---- AVAILABLE DATA
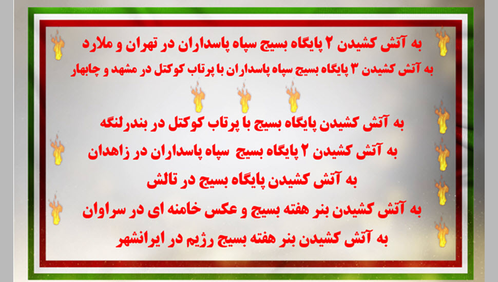 • به آتش کشیدن ۳پایگاه بسیج سپاه پاسداران با پرتاب کوکتل در مشهد و چابهار
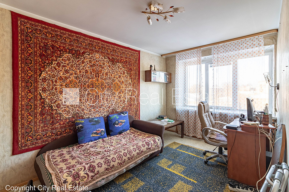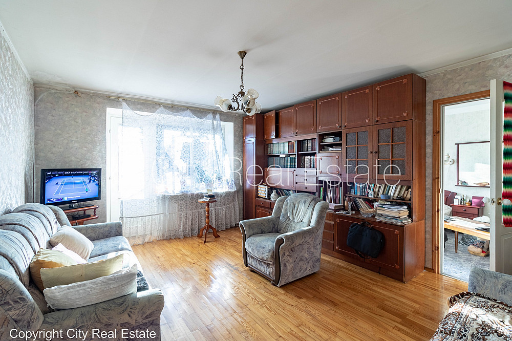 Fasādes māja, labiekārtota apzaļumota teritorija, vieta automašīnai, balkons, istabas izolētas 2 gab., viesistaba 20 m2, virtuve 7 m2, centrālā apkure, dubultās metāla durvis , izlīmētas tapetes, paklāja grīdas segums, parketa grīda, flīžu grīdas segums, sanitārais mezgls atsevišķs, vanna, antikvāras mēbeles, dīvāns, gulta , divguļamā gulta, virtuves galds, datorgalds, krēsli, vienvietīgais atpūtas krēsls, skapis, drēbju skapis, trauku skapis, kumode, spogulis, ledusskapis, cepeškrāsns, gāzes plīts, mikroviļņu krāsns, veļas mašīna, internets, slēgta kāpņu telpa, kāpņu telpā koda atslēga, CITY REAL ESTATE ID - 517897
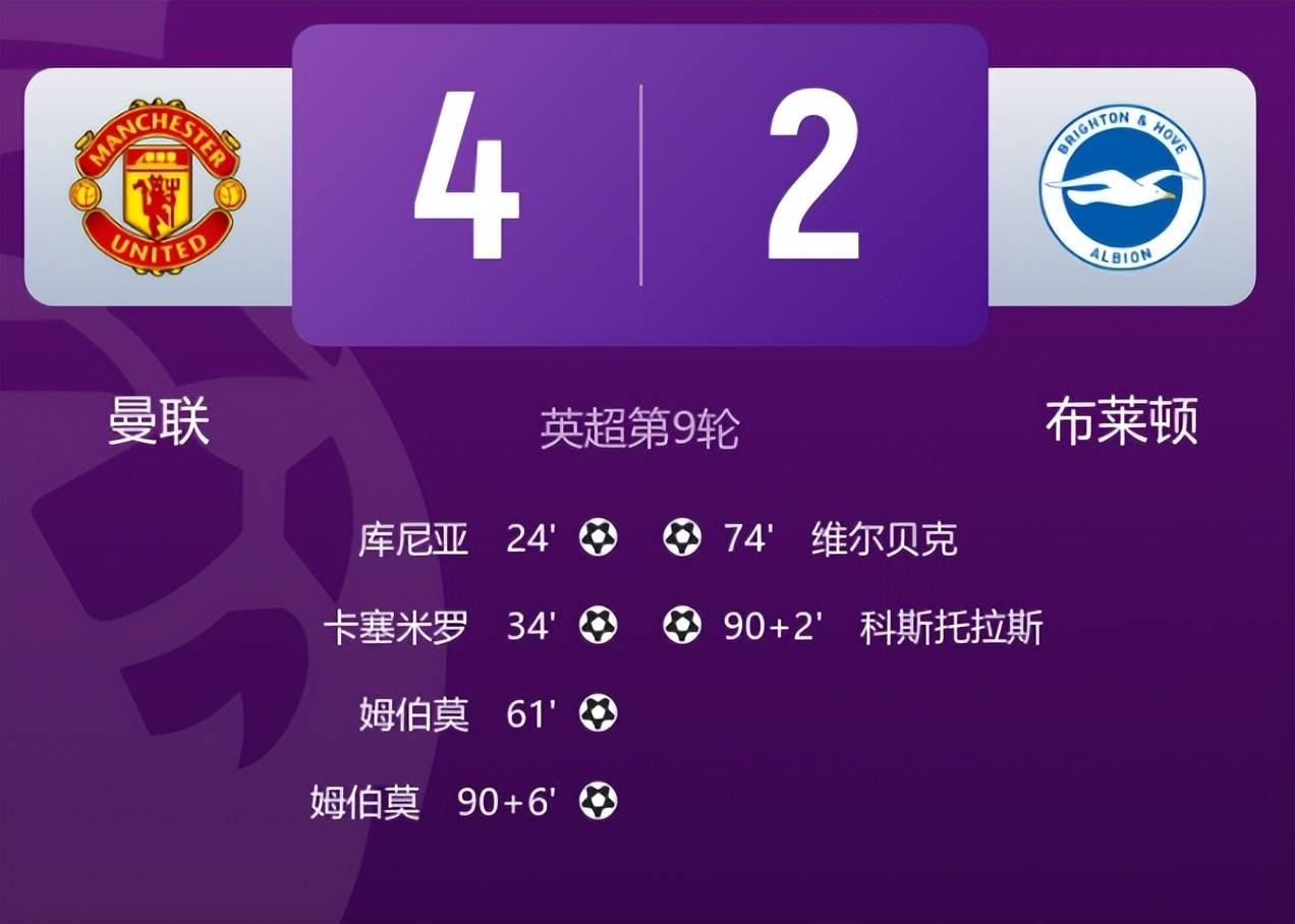 ที่สนามโอลด์ แทรฟฟอร์ด แมนเชสเตอร์ ยูไนเต็ด เอาชนะไบรท์ตัน 4-2 คว้าชัยชนะติดต่อกันเป็นครั้งที่สาม
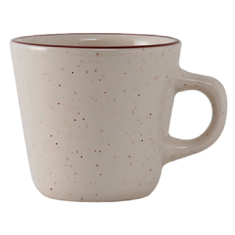 The Tuxton TBS-001 Cup 7 Oz. 3-1/4" Dia. X 3"H is an expertly crafted ceramic cup designed for both durability and elegance, making it a versatile addition to any dining setting. With a capacity of 7 ounces and dimensions measuring 3-1/4 inches in diameter and 3 inches in height, this cup fits seamlessly within various hospitality environments. It features a narrow rim, adding a touch of sophistication while ensuring ease of use. The cup is microwave and dishwasher safe, reflecting its practical design for everyday convenience. Furthermore, it is oven proof and fully vitrified, ensuring it withstands high temperatures while maintaining its integrity and appearance. The lead-free composition of the cup highlights Tuxton's commitment to safety and health standards, aligning well with the Healthcare industry's needs. Its American White/Eggshell finish with a Brown Speckle adds a timeless aesthetic, suitable for both casual and formal settings. The TuxCare® guarantee underlines Tuxton's dedication to quality and customer satisfaction. The cups are packed by 3 dozen per case, offering a convenient bulk option for large-scale operations, including healthcare facilities and hospitality venues. This combination of style, functionality, and safety makes the Tuxton TBS-001 Cup an ideal choice for diverse market segments.
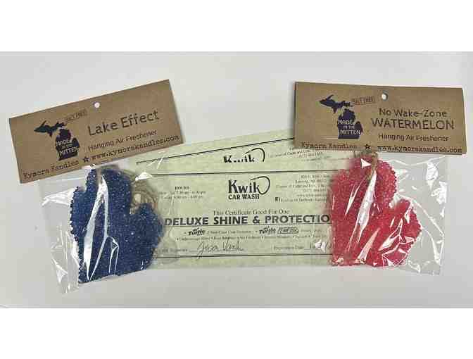 Treat your car to the ultimate spa day! Bid now for two gift certificates for the deluxe shine and protection treatment at Kwik Car Wash, including a thorough vacuuing of the first two rows, window wash, triple coat protector, ice instant shine, underbody rinse, rust inhibitor, air freshener, and a flawless towel dry. Also included are two air fresheners made in Michigan!
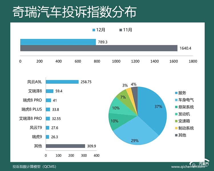 汽车质量投诉点评:经历11月投诉指数大涨之后,奇瑞汽车12月投诉指数大幅回落。从投诉车型分布来看,风云A9L仍然是奇瑞汽车的主要吐槽对象。新车降价增配、下摆臂异响等问题再次招致了老车主的吐槽。与此同时,车机不升级问题也遭到了捷途旅行者、瑞虎8、艾瑞泽8车主的小范围投诉。
--------
WORK TO COMPLETE: Going through the records above line by line, transcribe each one exactly and skip any pictures.

EXERCISE RESPONSE:
 • به آتش کشیدن ۳پایگاه بسیج سپاه پاسداران با پرتاب کوکتل در مشهد و چابهار
 Fasādes māja, labiekārtota apzaļumota teritorija, vieta automašīnai, balkons, istabas izolētas 2 gab., viesistaba 20 m2, virtuve 7 m2, centrālā apkure, dubultās metāla durvis , izlīmētas tapetes, paklāja grīdas segums, parketa grīda, flīžu grīdas segums, sanitārais mezgls atsevišķs, vanna, antikvāras mēbeles, dīvāns, gulta , divguļamā gulta, virtuves galds, datorgalds, krēsli, vienvietīgais atpūtas krēsls, skapis, drēbju skapis, trauku skapis, kumode, spogulis, ledusskapis, cepeškrāsns, gāzes plīts, mikroviļņu krāsns, veļas mašīna, internets, slēgta kāpņu telpa, kāpņu telpā koda atslēga, CITY REAL ESTATE ID - 517897
 ที่สนามโอลด์ แทรฟฟอร์ด แมนเชสเตอร์ ยูไนเต็ด เอาชนะไบรท์ตัน 4-2 คว้าชัยชนะติดต่อกันเป็นครั้งที่สาม
 The Tuxton TBS-001 Cup 7 Oz. 3-1/4" Dia. X 3"H is an expertly crafted ceramic cup designed for both durability and elegance, making it a versatile addition to any dining setting. With a capacity of 7 ounces and dimensions measuring 3-1/4 inches in diameter and 3 inches in height, this cup fits seamlessly within various hospitality environments. It features a narrow rim, adding a touch of sophistication while ensuring ease of use. The cup is microwave and dishwasher safe, reflecting its practical design for everyday convenience. Furthermore, it is oven proof and fully vitrified, ensuring it withstands high temperatures while maintaining its integrity and appearance. The lead-free composition of the cup highlights Tuxton's commitment to safety and health standards, aligning well with the Healthcare industry's needs. Its American White/Eggshell finish with a Brown Speckle adds a timeless aesthetic, suitable for both casual and formal settings. The TuxCare® guarantee underlines Tuxton's dedication to quality and customer satisfaction. The cups are packed by 3 dozen per case, offering a convenient bulk option for large-scale operations, including healthcare facilities and hospitality venues. This combination of style, functionality, and safety makes the Tuxton TBS-001 Cup an ideal choice for diverse market segments.
 Treat your car to the ultimate spa day! Bid now for two gift certificates for the deluxe shine and protection treatment at Kwik Car Wash, including a thorough vacuuing of the first two rows, window wash, triple coat protector, ice instant shine, underbody rinse, rust inhibitor, air freshener, and a flawless towel dry. Also included are two air fresheners made in Michigan!
 汽车质量投诉点评:经历11月投诉指数大涨之后,奇瑞汽车12月投诉指数大幅回落。从投诉车型分布来看,风云A9L仍然是奇瑞汽车的主要吐槽对象。新车降价增配、下摆臂异响等问题再次招致了老车主的吐槽。与此同时,车机不升级问题也遭到了捷途旅行者、瑞虎8、艾瑞泽8车主的小范围投诉。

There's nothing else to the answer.